Information supplied:
********
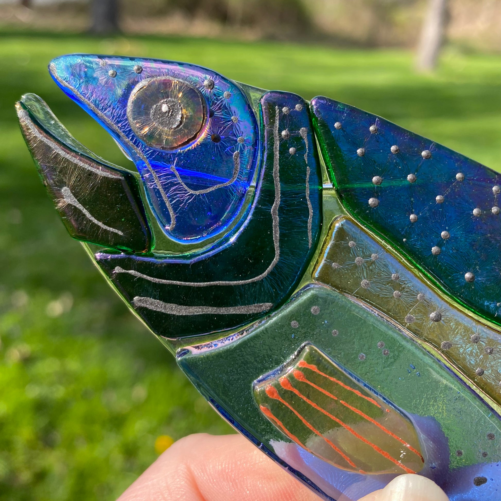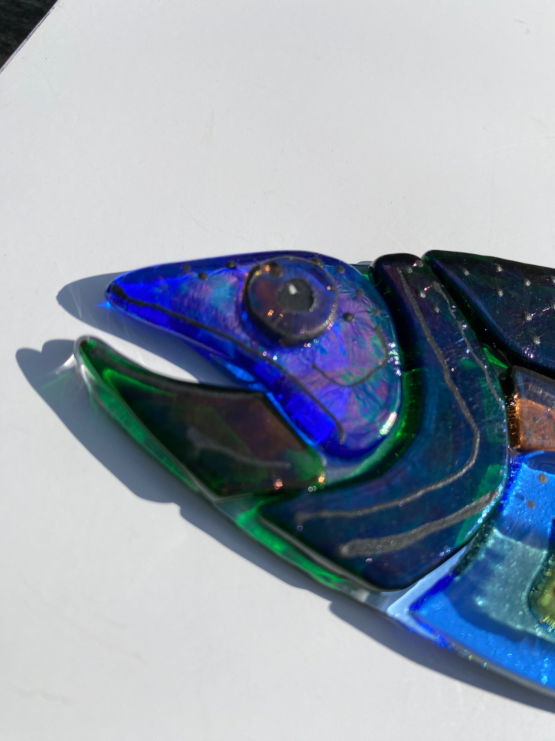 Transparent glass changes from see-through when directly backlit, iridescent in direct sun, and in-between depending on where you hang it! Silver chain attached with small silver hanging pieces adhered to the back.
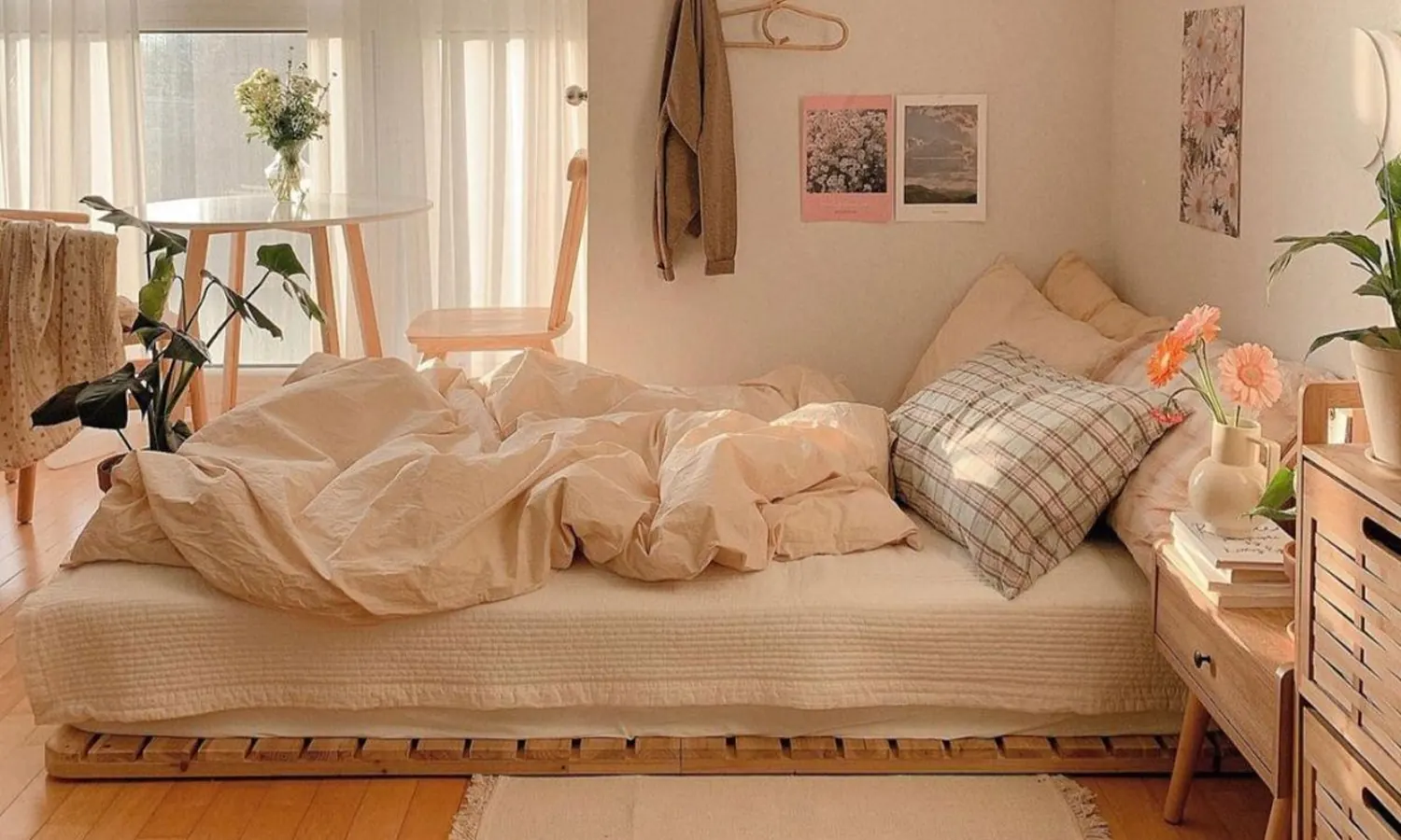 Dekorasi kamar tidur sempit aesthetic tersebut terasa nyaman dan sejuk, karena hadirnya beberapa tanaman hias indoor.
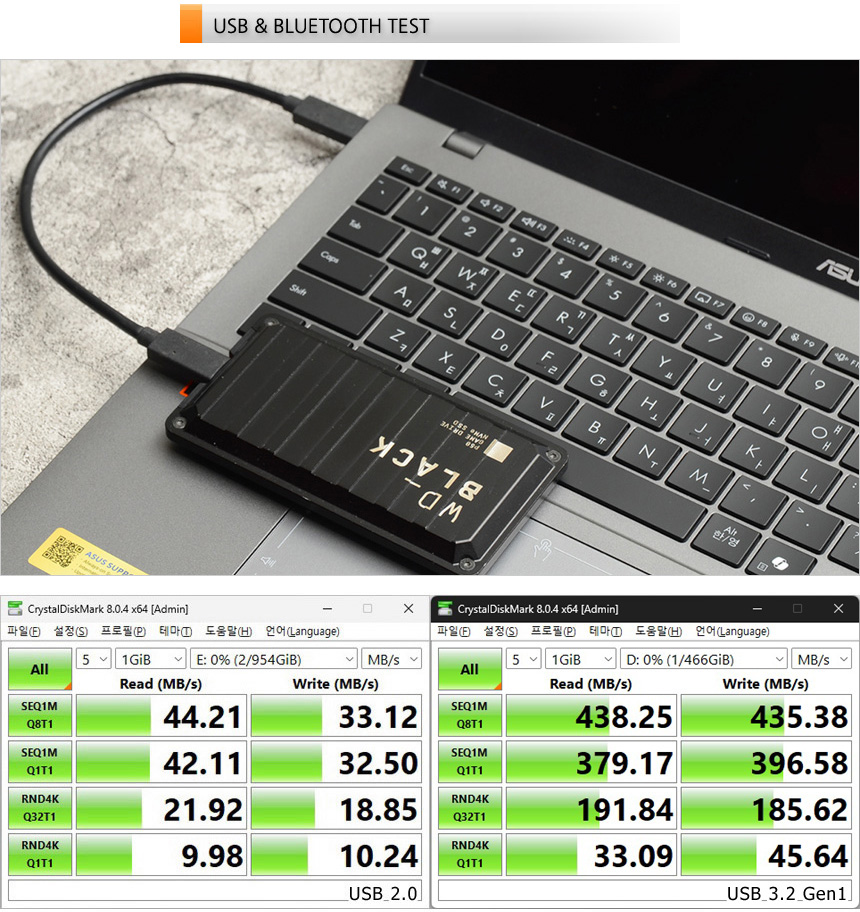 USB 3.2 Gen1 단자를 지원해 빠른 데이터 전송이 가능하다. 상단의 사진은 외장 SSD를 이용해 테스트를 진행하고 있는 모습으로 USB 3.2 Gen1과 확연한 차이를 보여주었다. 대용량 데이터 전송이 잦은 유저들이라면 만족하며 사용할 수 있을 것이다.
********
What to produce:
With the pictures removed, repeat the listing above exactly as it stands.

Exercise solution:
 Transparent glass changes from see-through when directly backlit, iridescent in direct sun, and in-between depending on where you hang it! Silver chain attached with small silver hanging pieces adhered to the back.
 Dekorasi kamar tidur sempit aesthetic tersebut terasa nyaman dan sejuk, karena hadirnya beberapa tanaman hias indoor.
 USB 3.2 Gen1 단자를 지원해 빠른 데이터 전송이 가능하다. 상단의 사진은 외장 SSD를 이용해 테스트를 진행하고 있는 모습으로 USB 3.2 Gen1과 확연한 차이를 보여주었다. 대용량 데이터 전송이 잦은 유저들이라면 만족하며 사용할 수 있을 것이다.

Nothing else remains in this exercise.